START DATASET SECTION

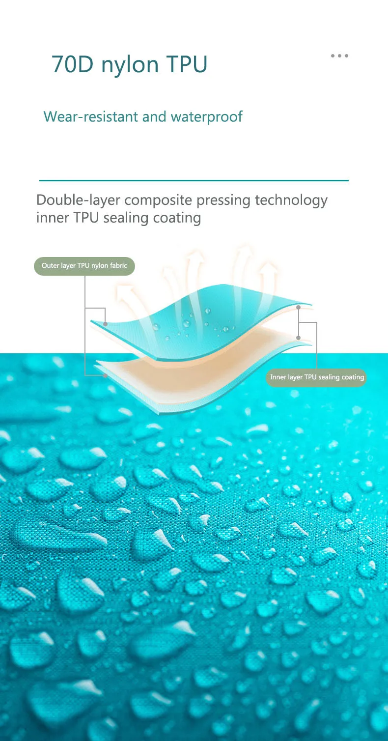 Износостойкий и водонепроницаемый Двухслойная композитная технология прессования, внутреннее термопластичное уплотнительное покрытие Внешний слой ТПУ нейлоновая ткань внутренний слой ТПУ уплотнительное покрытие
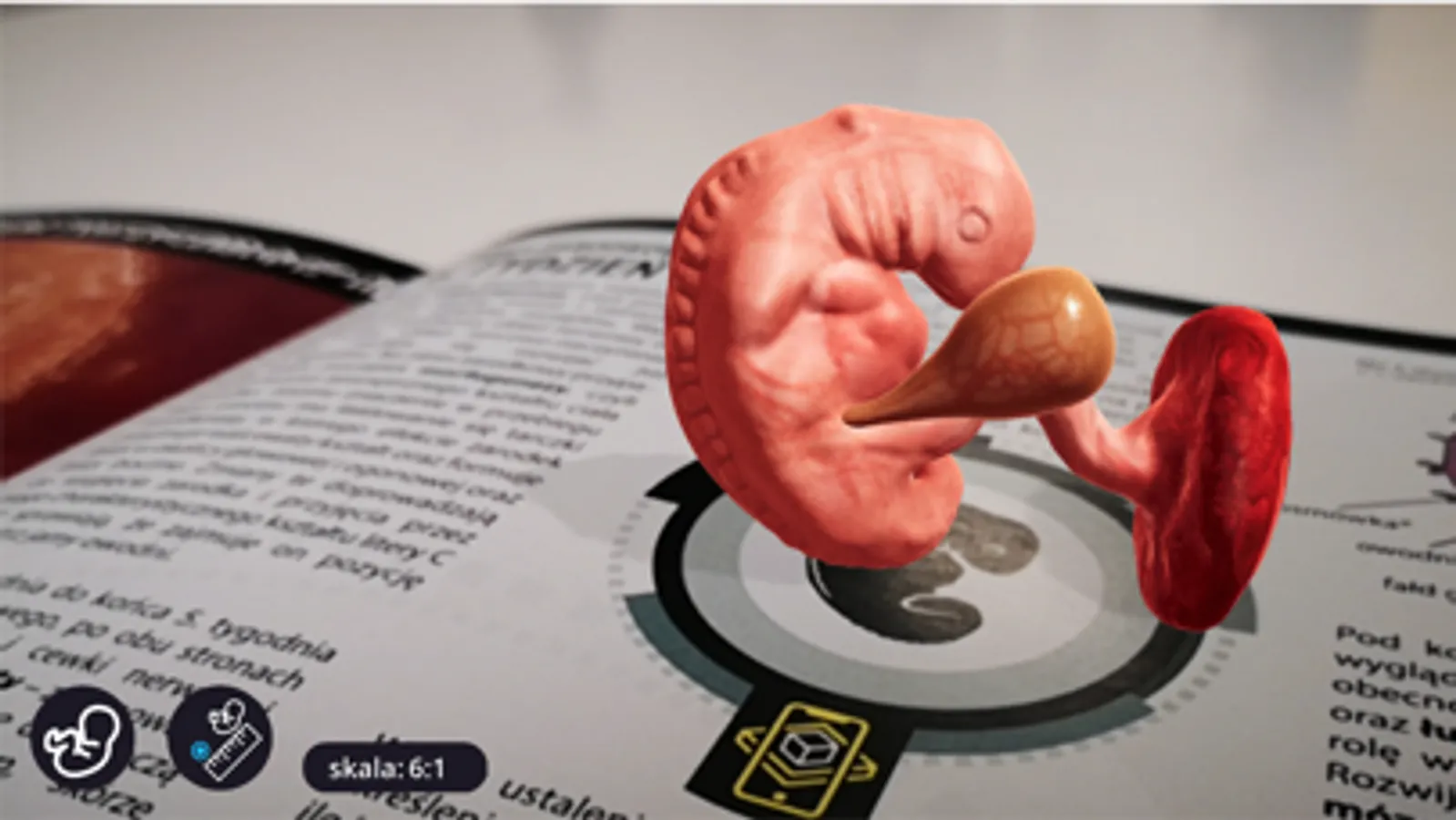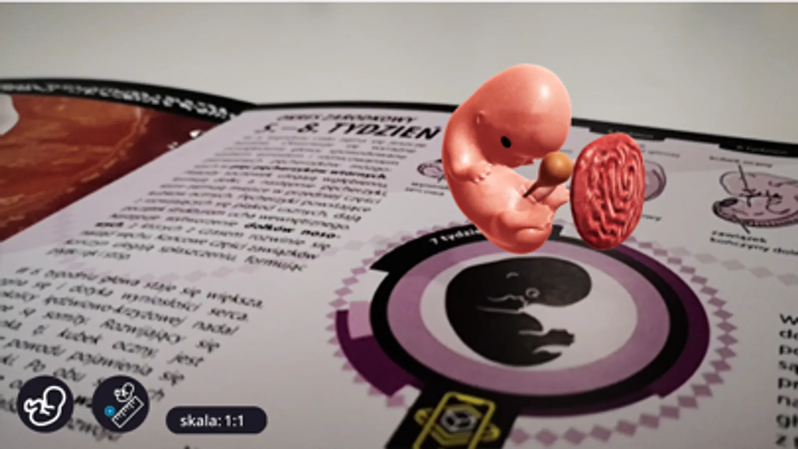 Po otworzeniu książki, uruchom aplikację i skieruj obiektyw aparatu na lewą lub prawą stronę. Po lewej stronie uruchomi się filmik edukacyjny, a po prawej pojawi się model 3D.
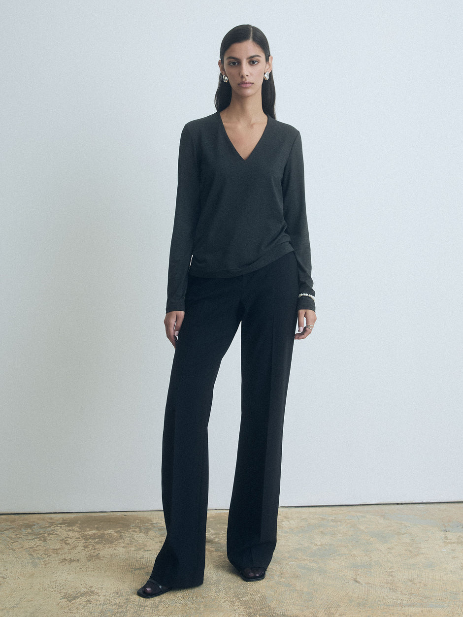 Fitted long-sleeve V-neck T-shirt in fluid viscose jersey.

END DATASET SECTION

# [TASK STATEMENT]
Except for the pictures, print the data above exactly.

# [ANSWER BOX]
 Износостойкий и водонепроницаемый Двухслойная композитная технология прессования, внутреннее термопластичное уплотнительное покрытие Внешний слой ТПУ нейлоновая ткань внутренний слой ТПУ уплотнительное покрытие
 Po otworzeniu książki, uruchom aplikację i skieruj obiektyw aparatu na lewą lub prawą stronę. Po lewej stronie uruchomi się filmik edukacyjny, a po prawej pojawi się model 3D.
 Fitted long-sleeve V-neck T-shirt in fluid viscose jersey.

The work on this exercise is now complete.